The display is finicky when moving between Google Colab, Jupyter Notebook, and Quarto, so I’m inserting the graphs as figures. Unfortunately, they won’t be interactible, but we’ll do some analysis afterwards.

plot_weights(text_vocab,"textEmbedding")

In the plot of title weights, the leftmost point is for “video,” and in the same region as an outlier is “breaking.” It’s possible that these correspond to news articles with less fake news, since breaking news articles are generally concerned with big undeniable events, and videos are often included in articles as evidence. In particular if “video” is mentioned in the title of an article, the contents are likely to be real footage.

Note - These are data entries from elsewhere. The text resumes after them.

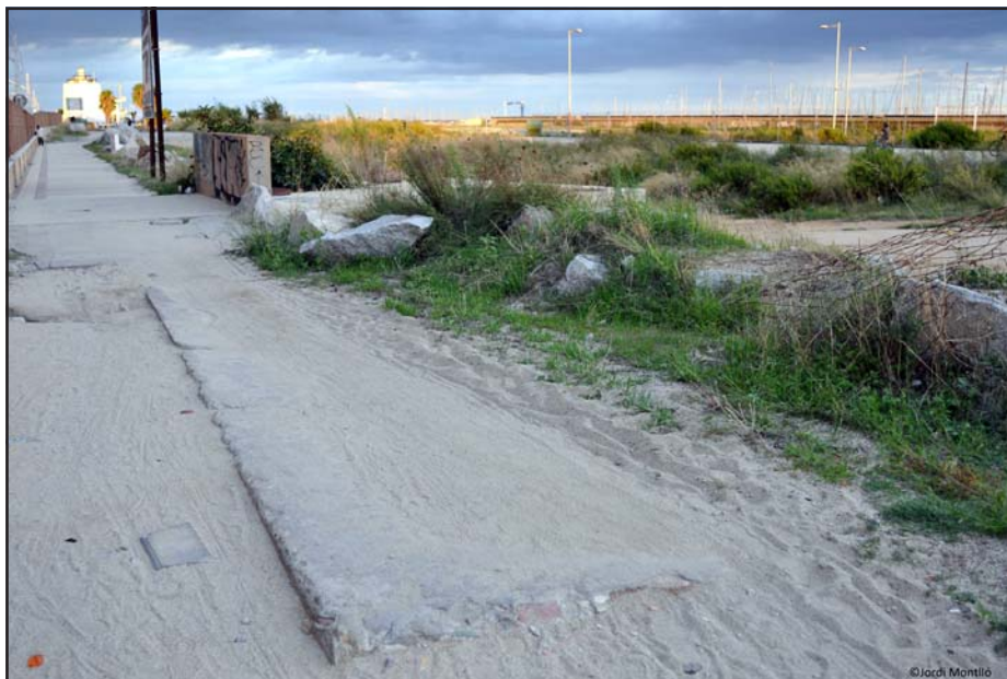
Búnquer PRM013, any 2010.
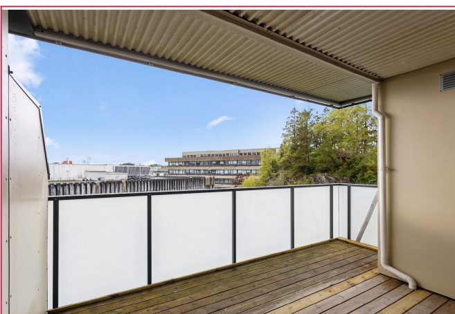
Fra stuen er det direkte utgang til en stor balkong med flott utsikt over nærområdet
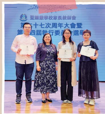
2024/25 學年 編輯排版小組委員會
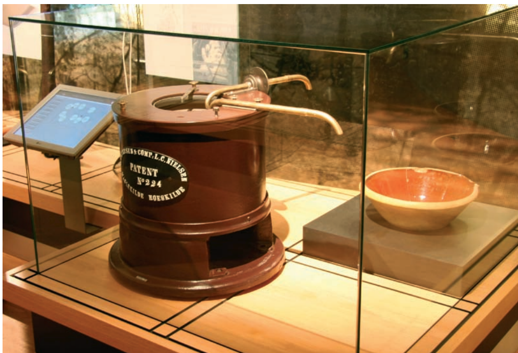
Mælkecentrifuge fra Maglekilde Maskinfabrik. Centrifugen er udstillet som symbol på den teknologi, der gjorde Andelsbevægelsens succes mulig.
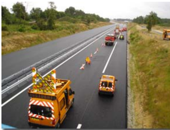
L'exercice d'intervention d'urgence avec les Forces de l'Ordre, les Pompiers et l'Équipement.
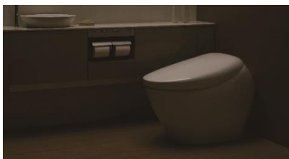
入室前、消灯した状態

人の入退室や着座などの動作にあわせて、照明とビルトインリモコン、便器の便ふたが自動できめ細かく作動します。快適な使い心地をもたらします。
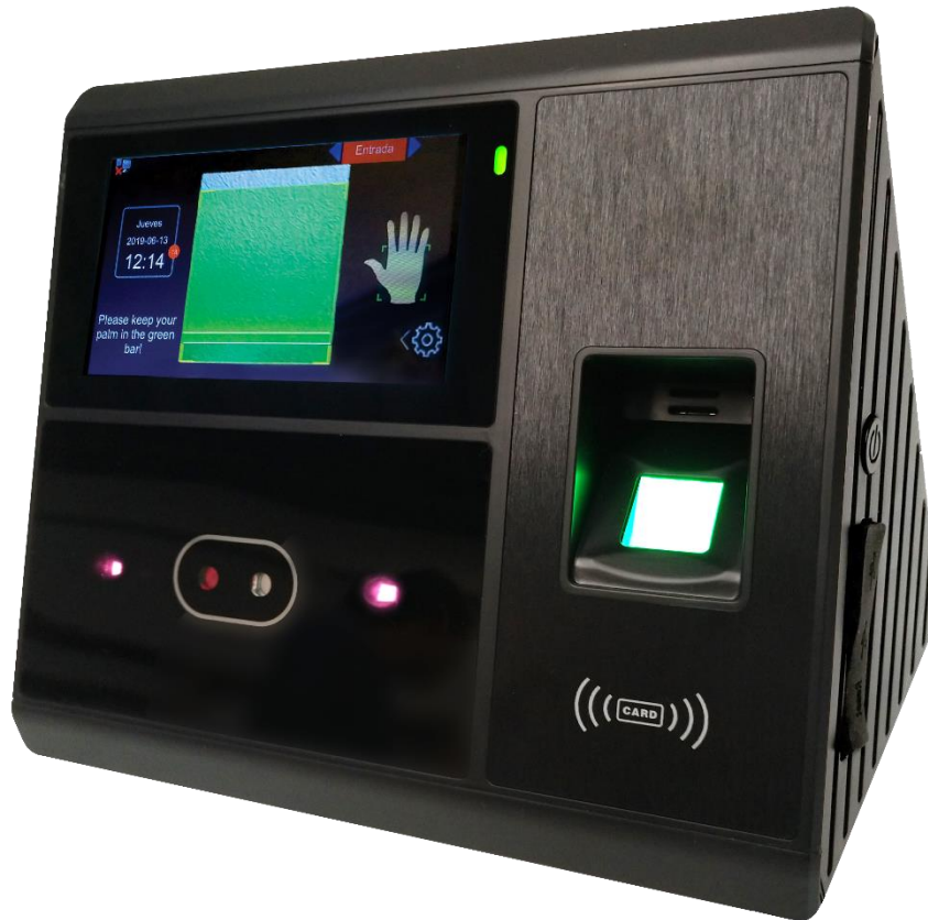
Lector de Palma
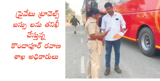
ప్రైవేటు ట్రావెల్స్ బస్సు లను తనిఖీ చేస్తున్న కొండాపూర్ రవాణ శాఖ అధికారులు

ఏర్పాటు చేయాలని తీర్మానించారు. గద్వాల అలంపూర్ నియో జకవర్గాల్లో ఎంపీటీసీ స్థానాలను పెంచాలని తీర్మానించారు. గద్వాల జిల్లాలో అన్ని మున్సిపాలిటీలలో కొన్నింటిని స్థానాలను పెంచాలని తీర్మానించారు. గద్వాల నియోజకవర్గంలో నూతన వంపాయతీలు ఏర్పాటు చేయాలని తీర్మానించారు. కార్యచరణలో భాగంగా ఈనెల 17వ తేదీన అఖిలపక్ష కమిటీ ఆధ్వర్యంలో జిల్లా కలెక్టర్ కు వినతి పత్రం సమర్పించి, తీర్మానాలను ప్రభుత్వం దృష్టికి తీసుకెళ్లి ఏర్పాటు చేయాలిందిగా కోరడం జరుగుతుందన్నారు.
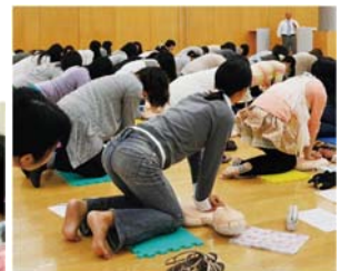
さまざまな職場で
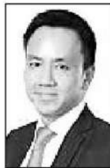
พันธ์ทอง ลอยกุลนันท์

■ ■ ในช่วงปีงบประมาณ 2568-2569... คุณพันธ์ทอง ลอยกุลนันท์ อธิบดีกรมศุลกากร และลูกน้องได้ผ่นึกกำลังกับเจ้าหน้าที่หลายภาคส่วน...ตรวจซัดของกลางประเภทบุหรี่และบุหรี่ไฟฟ้า...รวมมูลค่ากว่า 409 ล้านบาท โดยการจับกุมแต่ละครั้งพบของกลางเป็นจำนวนมาก...อย่างกรณีล่าสุดกรมศุลกากร โดยสำนักงานศุลกากรตรวจของผู้โดยสารท่าอากาศยานสุวรรณภูมิ ตรวจซัดเครื่องบุหรี่ไฟฟ้าและใส่บุหรี่ไฟฟ้า มูลค่ากว่า 900,000 บาท...ซึ่งสังคมจะเห็นข่าวแบบนี้บ่อยๆเป็นประจำ เพราะไล่จับยังไม่หมด ทำอย่างไรก็สกัดไม่อยู่...แต่ๆ หากหันมามองความจริงที่เกิดขึ้นในสังคมไทยปัจจุบัน.... เรื่องของ “บุหรี่ไฟฟ้า” หรือผลิตภัณฑ์ยาสูบยุคใหม่... แวดวงการเงิน บอกได้คำเดียวว่า วันนี้พฤติกรรมผู้บริโภคบ้านเรานั้นเปลี่ยนไปแบบถาวรไม่กลับ และไม่มีทางที่จะต้านทานกระแสโลกหรือกระแสสังคมได้อีกต่อไปแล้ว! แต่คำถามตัวโตๆ ที่ทุกคนคาใจกันทั้งประเทศก็คือ... แล้วทำไมรัฐบาลไทยยังใส่เกียร์ว่างไม่ยอมผลักดันให้มันถูกกฎหมายและนำมาควบคุมให้เป็นเรื่องเป็นราวสักที...?? ทั้งๆ ที่หันไปทางไหนก็เห็นคนควักเงินเข้ากระเป๋าจนกระเป๋าแทบจะทุกหัวระแหง (ประเภทกฎหมายบอกแบน แต่หน้าร้านขายกันเกลื่อนเมืองแบบไม่กลัวใคร)... ซ่อนแ่ขันขนาดไหนนะหรือ... ก็ลองคิดดูสิครับว่า ในขณะที่เม็ดเงินในตลาดมืดสะพัดปีละเป็นหมื่นล้านบาท ช่อง

Some outliers in the text weights plot include “trumps” and “obamas” on the rightmost side, whereas “obama” is on the leftmost side. Perhaps articles about politicians themselves tend to be more trustworthy, but news about their families (if we interpret “trumps” and “obamas” as such) can often contain speculation.